In a continent of Christians, Jews, Muslims and people of other faiths, world religious leaders debate the future religious identity of Europe at a conference in Aachen.
World Peace Meeting in Aachen: Should God appear in the EU constitution?
The issue of European values is anything but new. Tomes have been written about the values upon which Europe was built, whether Judeo-Christian or purely humanistic. The discussion was recently reignited by the European Union draft constitution which says the Union is founded on the values of "respect for human dignity, liberty, democracy … and respect for human rights." But the draft does not explicitly mention God or the region's Christian traditions.
Secular countries like France and Spain fought against Catholic-dominated Poland to keep the language out, and so far they have prevailed. The conflict illustrated the EU's new ethical approach, and in particular that of a greater Europe. Millions of Orthodox Christians and Muslims belong to Europe who aren't part of the Occidental Christian tradition. This has led the EU to recognize that it must redefine its foundation.
Under the auspices of the World Peace Prayer, held for the first time in Germany, representatives from the world's religions have been discussing political and religious issues under the theme "War and Peace: Faiths and Cultures in Dialogue" in Aachen since Sunday. Identity and values in Europe's future was the topic of one discussion at the annual ecumenical event that's been organized by the Rome-based organization Community of Sant'Egidio since 1987.
"We have long moved about in a eurocentric world view, where we observed the rest of the world from [our position here] in Europe," Rev. Konrad Raiser, general-secretary of the World Council of Churches (WWC), said. "In the meantime we must recognize that Europe is only one of the world's large regions, that the times are past in which Europe could practice cultural, political and scientific hegemony. Europe must redefine itself and its identity today in exchange with the other regions, in particular with Africa, the Middle East and North America."
Europe: a work-in-progress
The continent's cultural and religious diversity has made the notion of Europe as the Christian occident an irreversible thing of the past. For the moment Europe is a sort of work-in-progress while the leaders search for ways to ensure peaceful coexistence.
"To reflect the social realities of its people, [the EU] must be institutionally separate from the religious communities," Hungarian Archbishop Peter Erdö explained in Aachen. "But in many questions of moral values it can refer to these communities, work together with them or bear in mind the societal effect of their conscience-building activities."
But the difficult question -- apparent in the debates over the constitution -- has been how. Conservative Christians like Cologne's Catholic cardinal, Joachim Meisner, have said the humanistic values that have shaped Europe are actually typical Christian values and that the EU constitution must make mention of God.
The Russian Orthodox Church, personified in Aachen by Metropolitan Kirill of the Moscow Patriarchy, insisted there was a dramatic contrast between the West's liberalism and the religious culture of Orthodox Eastern Europe. But the difference is artificial since liberal humanism and being rooted in religious belief are not mutually exclusive ideas.
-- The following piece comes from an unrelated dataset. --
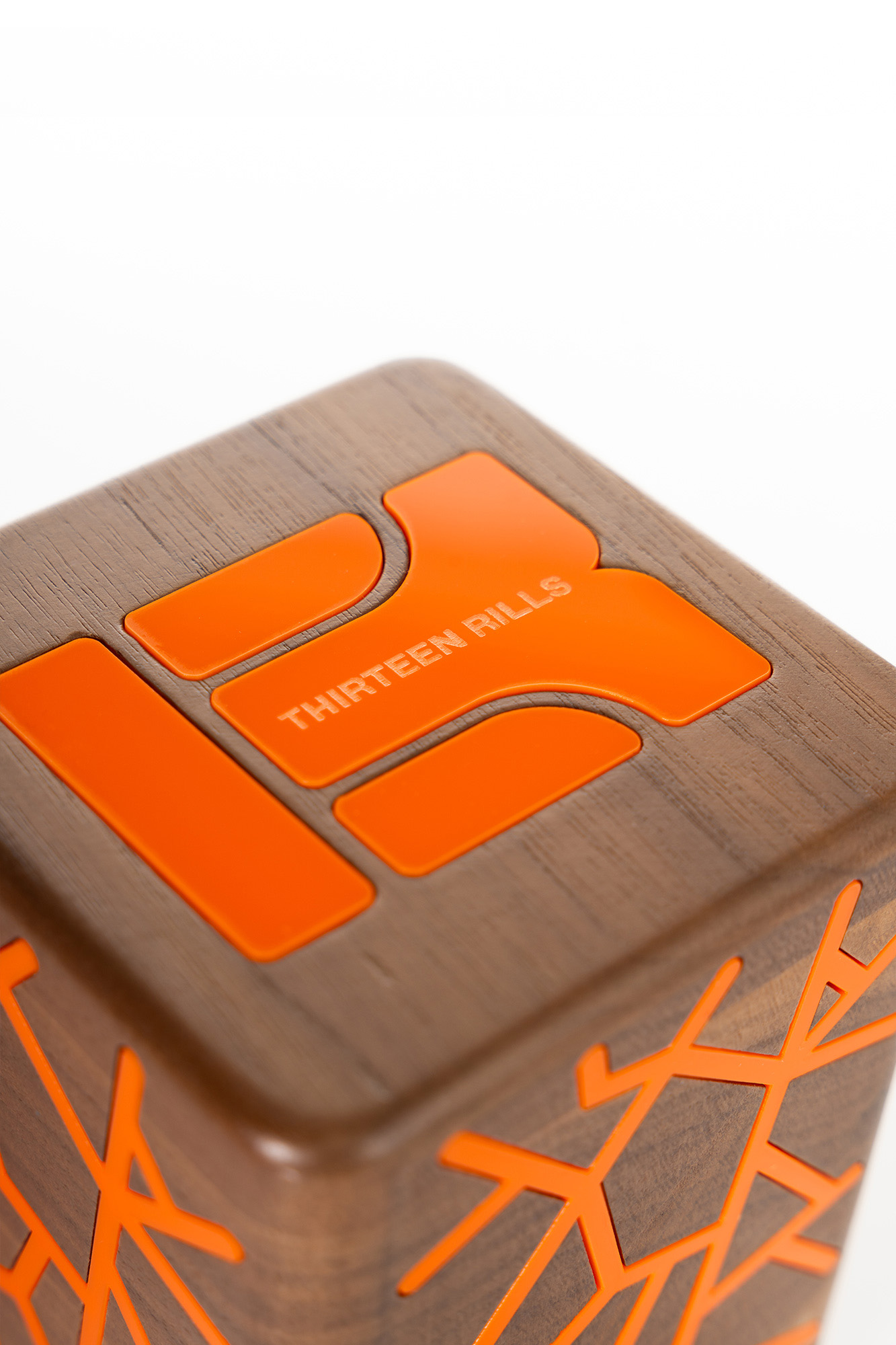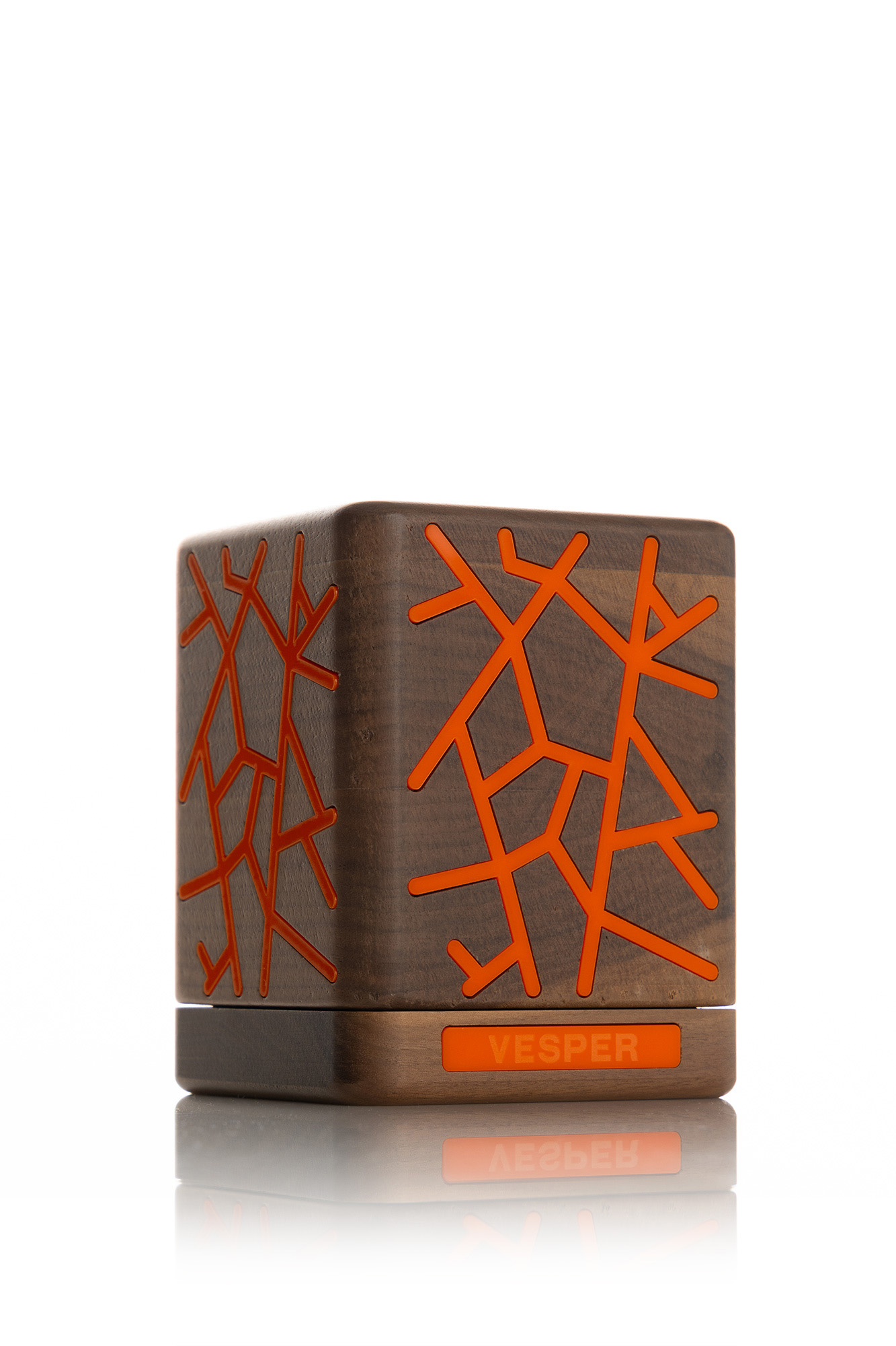 Packaging: Wooden box with orange accents

WWC chief Raiser represented a more moderate position. He said he could accept the current EU constitution draft even without reference to God: "I think one can live with it, since a general, generic reference to God is too little for those who really believe in God and for the radical proponents of the separation of church and state it's a big problem. I believe the recognition that religious tradition is essential to European identity is a decisive step [as is] the recognition of the independent role of religious communities in the constitution."
There's still time to take account of the clerics opinions, though there's no indication that will lead to changes in the draft. The text won't be finalized until after an intergovernmental conference convenes in October with officials from each of the current 15 EU member states and the 10 accession countries. Then it must be ratified by each country.